This isn’t newsy at the moment, but it’s interesting.
Maybe, I thought, the kid was mixing up his public intellectuals; perhaps he was confusing Mr. Fukuyama for the liberally coiffed Japanese nuclear physicist who had been so ubiquitous on the cable-news circuit in the weeks after the nuclear accident. In any case, I failed to inquire as to the origin of the withering assessment, and promptly forgot all about the exchange—until an editor asked what I was working on. Hadn’t he too heard similarly wretched things about the latest from Mr. Fukuyama? The conservative critic he’d assigned to review it had declared it “unreviewable”—whatever that meant.
I emailed a bona fide conservative pundit I know. Would three make a trend? He told me to call.
“Here’s the dirt on Fukuyama,” he said in a familiar conspiratorial tone, and dispensed with a halfhearted nugget about how Mr. Fukuyama had mentored a controversial Iranian lobbyist.

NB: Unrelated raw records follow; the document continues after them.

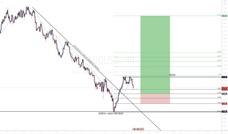 COMPRA EN AUDUSDEl precio llego a un bajo + bajo y la ruptura de la linea de tendencia que fue respetada durante todo el mes de diciembre en la posterior caida me da la confirmacion necesaria de la subida del audusd, estare abrienndo mis compras sobre el 50% del fibonacci o 61.8% stop loss sobre el 76.4% de mi fibo, recuerden usar siempre 1% de riesgo sobbre cada operacion.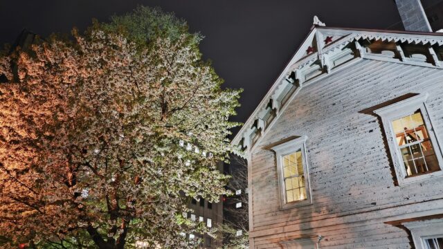 時計台の横の木が桜っぽいけど暗くてよく見えなかった。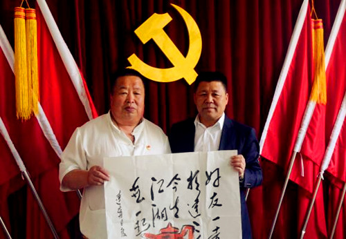 記者走進(jìn)老爺廟村,所見所聞名不虛傳,小村極其敞亮,整潔,村部里的墻上懸掛著的書畫,皆為當(dāng)?shù)孛酥,讓你感悟出蓋州文化大縣所折射出的鄉(xiāng)村里的水墨之光。蓋州名人多,自古多豪杰,曾被國內(nèi)外傳唱的《蘇武牧羊》的作者蔣蔭堂就出生在這里,蜚聲國內(nèi)外的書畫大家魏碑泰斗沈延毅先生也出生在這里,后來出現(xiàn)許許多多的書畫家如呂公眉,陳元高,王一鳴,倪久齡,高顯惠,洛兵,孫金龍,于紀(jì)偉等等。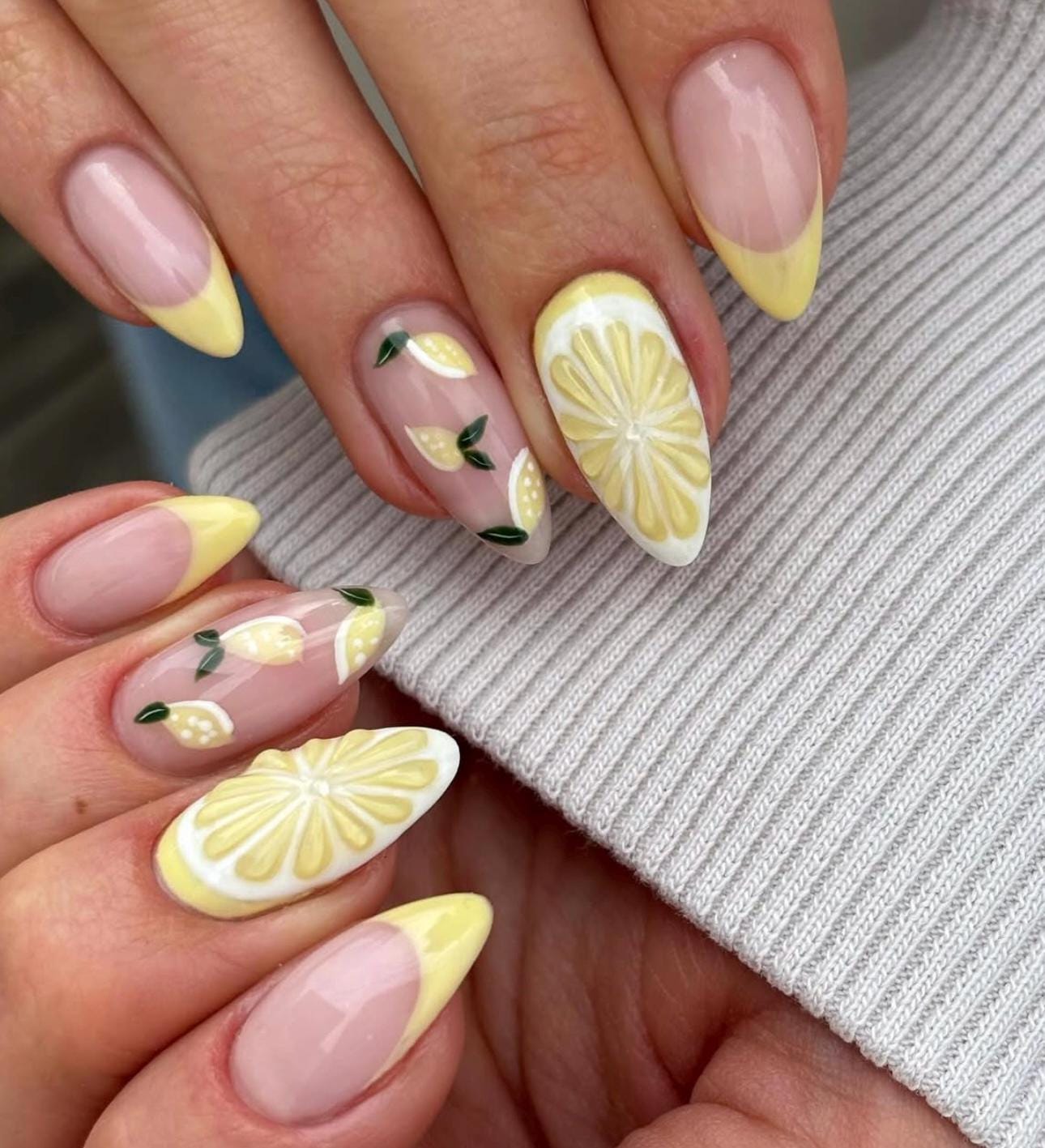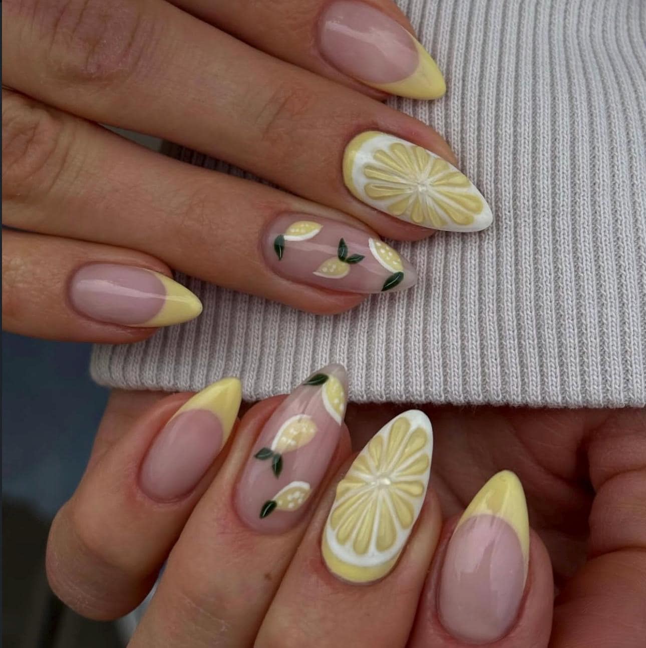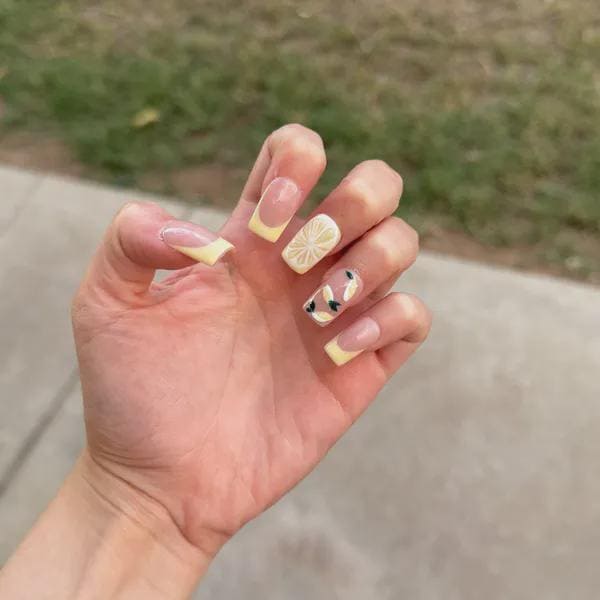 Lemon Yellow Press On Nails: 3D Flower, Summer Beach Style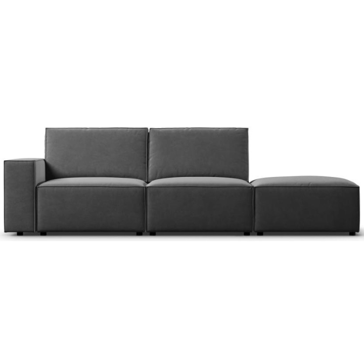 Sofa 3 os. Carlo producenta Milo Casa to mebel o wymiarach: 255 cm szerokości, 90 cm wysokości, 102 cm głębokości, który charakteryzuje się niezwykłą wygodą. Ta modna sofa jest dostępna w 7 kolorach: Jasny Beżowy, Królewski Niebieski, Szary, Jasny Szary, Żółty, Czarny oraz Butelkowy Zielony, dzięki czemu będzie pasować do każdego rodzaju wnętrz. Wypełnienie siedziska wykonano z połączenia sprężyny falistej oraz pianki poliuretanowej o wysokiej elastyczności, a oparcie wypełniono granulatem z pianki i silikonem. Wyróżnikiem sofy jest jej modny kształt, który wpływa na jej przestronność. Sofa została obita aksamitną delikatnie połyskującą tkaniną, która jest przyjemna w dotyku i odporna na przetarcia. Wysokiej jakości materiały wykorzystane do produkcji mebla sprawiają, że sofa trzyosobowa Carlo charakteryzuje się dużą wytrzymałością i trwałością. Mebel jest osadzony na niskich, wykonanych z tworzywa nogach.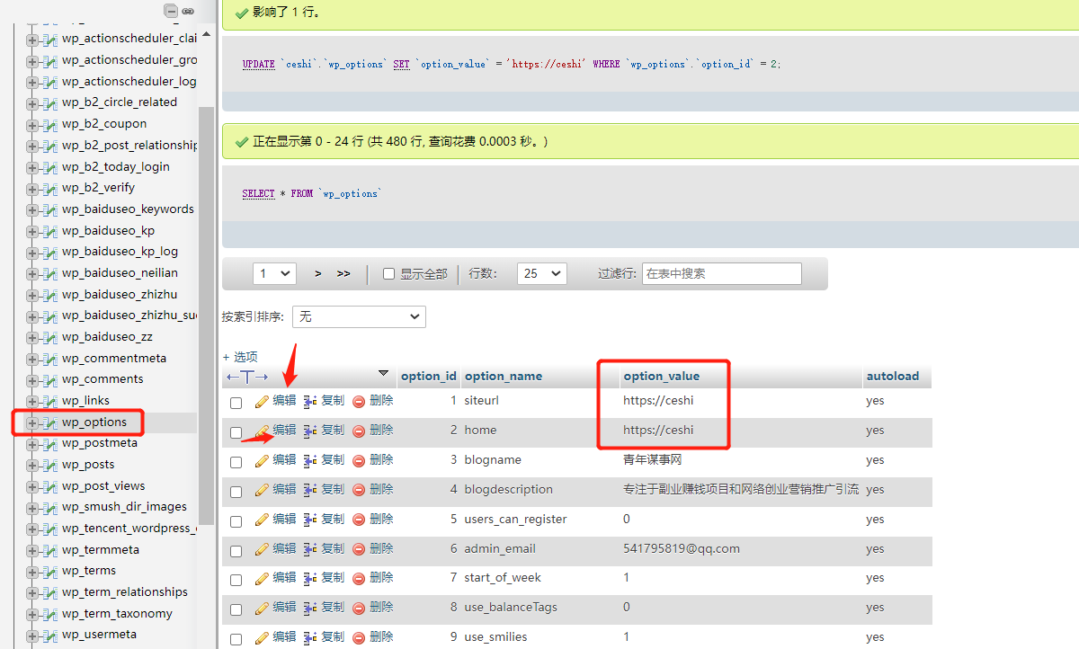 2.找到 wp_options 表格,将 option_value 字段里的旧的域名换成你现新的域名,是两处位置需要修改。

Bad word of mouth has dogged Mr. Fukuyama since “The End of History?,” the 1989 essay he expanded into an ambitious book of political theory a few years later. There he cribbed some hacked Hegelian theories on the nature of “history” from the French philosopher Alexandre Kojeve to illuminate the intellectual and cultural climate of a future free of the ideological battles that dominated the 20th century. (No one remembers details, though; he might as well go down in history as the guy who said history had ended 20 years ago.) Humans over the past few centuries had become accustomed to “history” denoting a linear trajectory, a forward-looking progression toward some more optimal condition, he observed; but whither the world that had more or less reached a consensus on the superiority of liberal democracy above all other systems?